We would like to discuss the mathematical theory behind this puzzle using a toy example below. Only three dominoes: 1-1, 1-2, 2-2 are positioned on the board and the goal is to reconstruct the positioning:
Let’s connect adjacent numbers with segments to show potential dominoes and color the segments according to which domino they represent. The 1-1 edge is colored green, the 1-2 — blue, and the 2-2 — red. Now our puzzle has become a graph, where the numbers are vertices, the segments are edges, and the edges are colored. In this new setting, the goal of the puzzle is to find edges of three different colors so that they do not share vertices.

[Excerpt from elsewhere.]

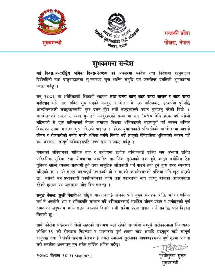 पोखरा, बैशाख १८ गते । १३२औँ अन्तर्राष्ट्रिय श्रमिक दिवस को अवसरमा गण्डकी प्रदेशका मुख्यमन्त्री पृथ्वीसुब्बा गुरुङले शुभकामना ब्यक्त गर्नुभएको छ । मुख्यन्त्री गुरुङले शुभकामना सन्देश जारी गदै श्रमिक दिवसको अवसरमा स्वदेश तथा विदेशमा रहनुभएका दिदीबहिनी तथा दाजुभाईहरुमा सुस्वास्थ्य,शुख शान्ति र समृद्धि सहित प्रगतिको शुभकामना ब्यक्त गर्नुभएको छ ।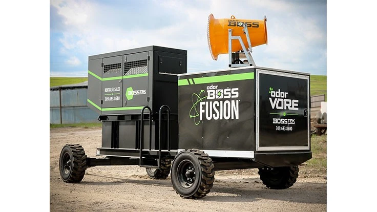 BossTek, a Peoria, Illinois-based company that focuses on industrial dust and odor control solutions, has developed a mobile system that uses no water to reduce site odors from soil remediation, landfill, food processing, composting, wastewater and other large-scale applications. OdorBoss Fusion has a patent-pending delivery system that eliminates the need for water dilution, the company says. The nozzle technology and ducted fan distribute the odor control chemicals over a wide area, and the unit can run for more than a week without operator intervention.

The next picture represents the line graph of the previous graph. Now the colors of the vertices correspond to different potential dominoes. Vertices are connected if the corresponding dominoes share a cell. In the new setting finding dominoes that do not share a cell is equivalent to finding an independent set. The fact that we need to use all possible dominoes means that we want the most colorful independent set.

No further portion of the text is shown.